Wednesday, 27 April 2011


Hoyts Distribution
Now Showing

Not so much a rom-com but a chick lit adaptation (of the similarly titled novel by Emily Giffin), Something Borrowed is aimed squarely at the female audience. And the women who attended the same preview screening as me lapped it up, that's in spite of the film's heroine Rachel (Ginnifer Goodwin) doing the dirty on her BFF with her soon-to-be-husband.

Rachel and Darcy (Kate Hudson) have been friends since early grade school, and sharing in each others' big days from then on. Now Darcy is about to marry Dex (Tom Cruise clone, Colin Egglesfield), a former law school classmate of Rachel's whom she has always had feelings for but never dared acted on.

Turns out Dex has always felt the same way about Rachel and when they've had a little too much to drink at Rachel's 30th birthday party the two fall into bed, setting in motion a supposedly comic love triangle with Rachel and Dex conducting a stop-start affair behind Darcy's back. That Darcy is pitched as a selfish, self absorbed cow – kudos to Hudson for daring to play ugly – is supposed to negate this treachery. It certainly – strangely – had the women in my screening on side with Rachel.

Like Bride Wars, another matrimonially-themed Kate Hudson movie (aren't they all?), Something Borrowed pedals the notion that women are their own worst enemies, prepared to turn on even the best of friends in a heart beat. As a heroine, perhaps Rachel's flaws are designed to make her more relatable and forgivable, but she – along with Egglesfield's Dex – is, for the most part, a doormat and, ultimately, a rat.
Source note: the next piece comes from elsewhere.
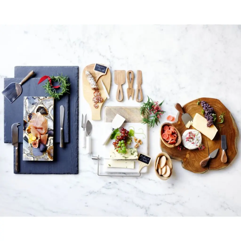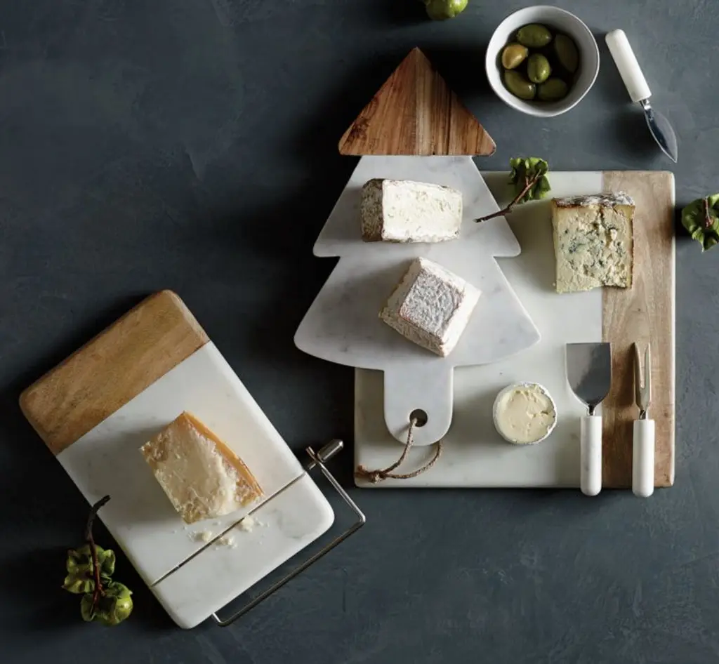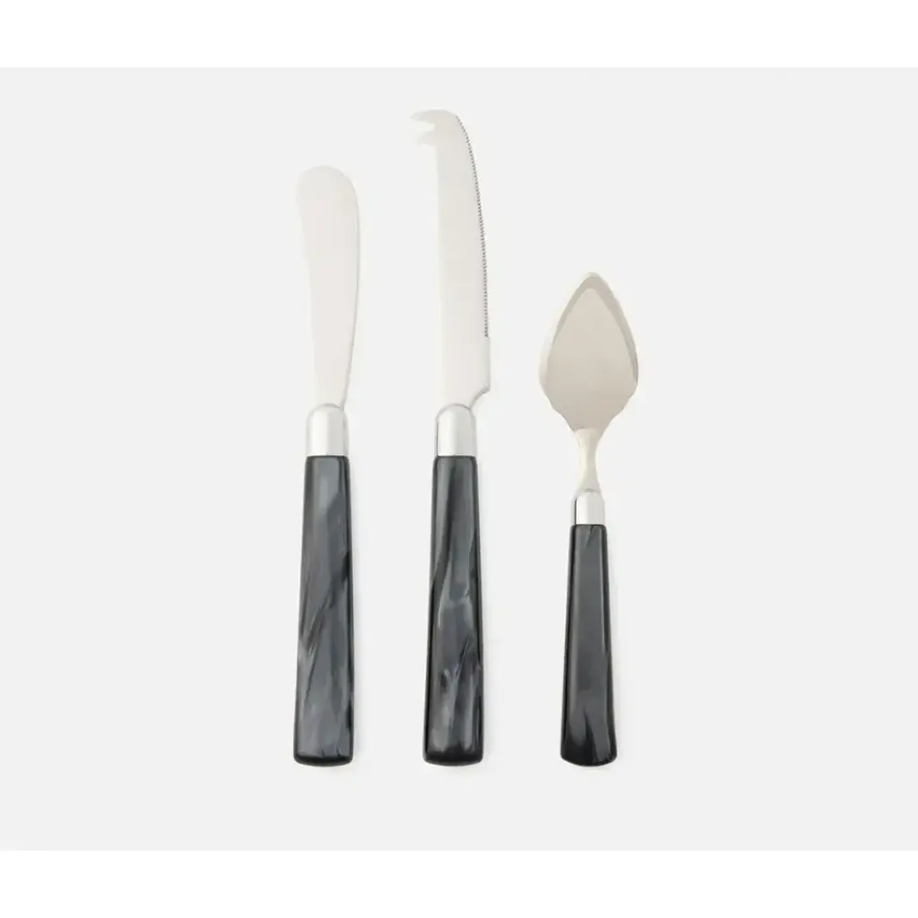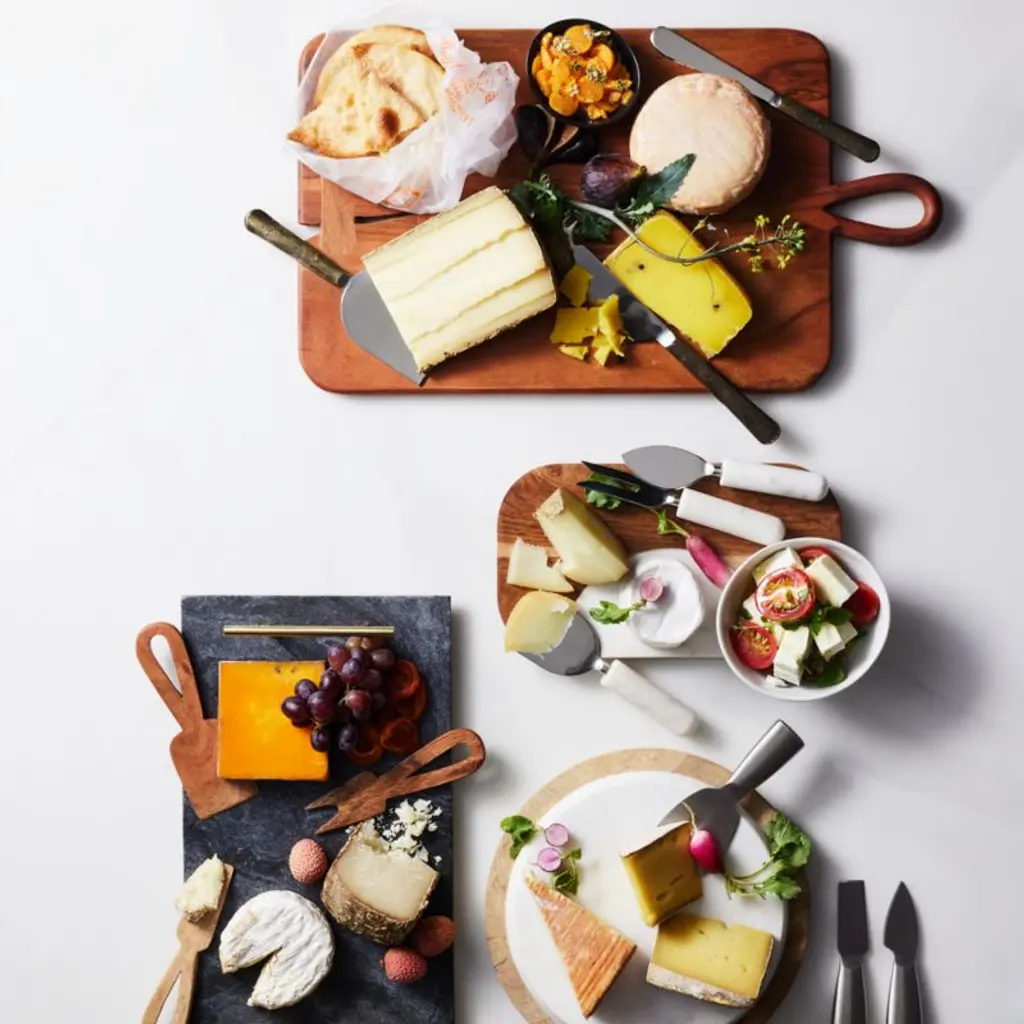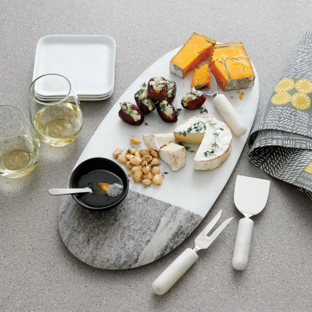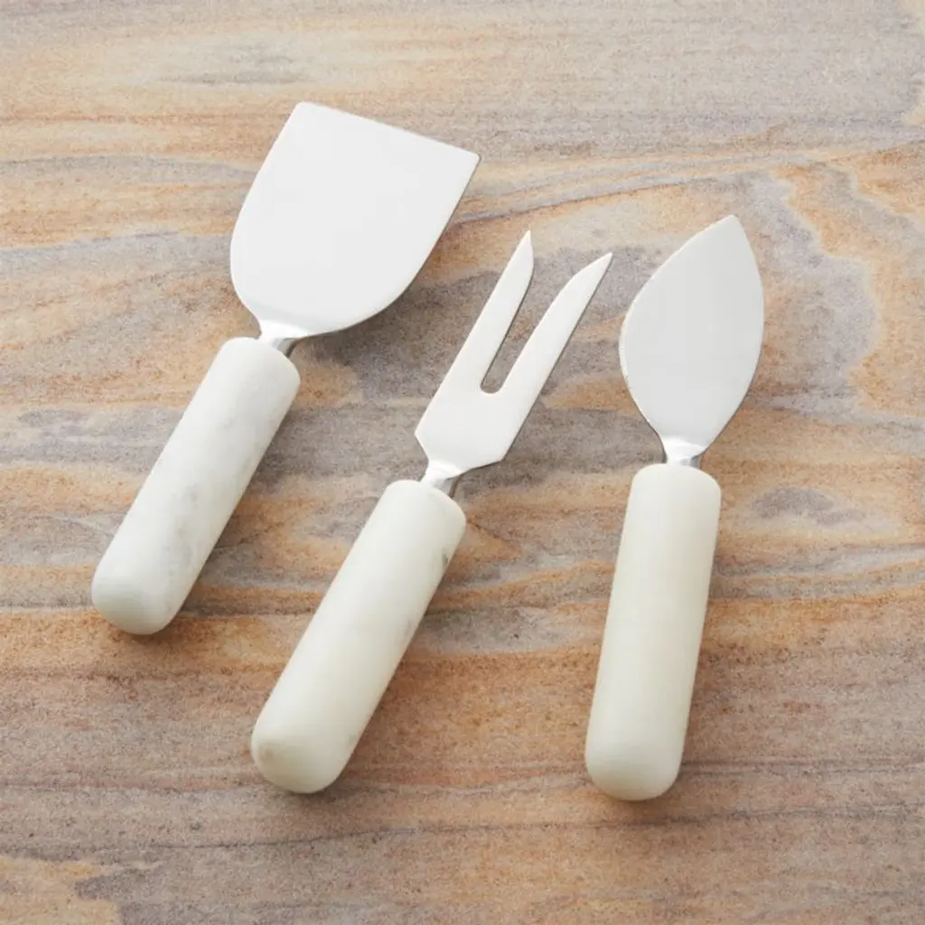 Ultra-contemporary blade styling and substantial cylinder handles in natural white marble make this complete set of soft, semi-soft and hard cheese knives an elegant choice for cheese boards and buffets. Use the pointed knife for parmesan and other hard cheeses, the slim rectangular knife for Brie and other soft cheeses, and the broad blade for everything in between.Looking for gift ideas? Browse more gifts under $50.

Obviously director Luke Greenfield and screenwriter Jenny Snyder (and original author Giffin, for that matter) don't subscribe to the 'once a cheater, always a cheater' school of thought given the film's 'alls well that ends well' denouement. Then again, these characters deserve each other and everything they get.

The cast, however, which includes a scene stealing John Krasinski as Rachel's best male bud Ethan, deserves better. As do female audiences generally.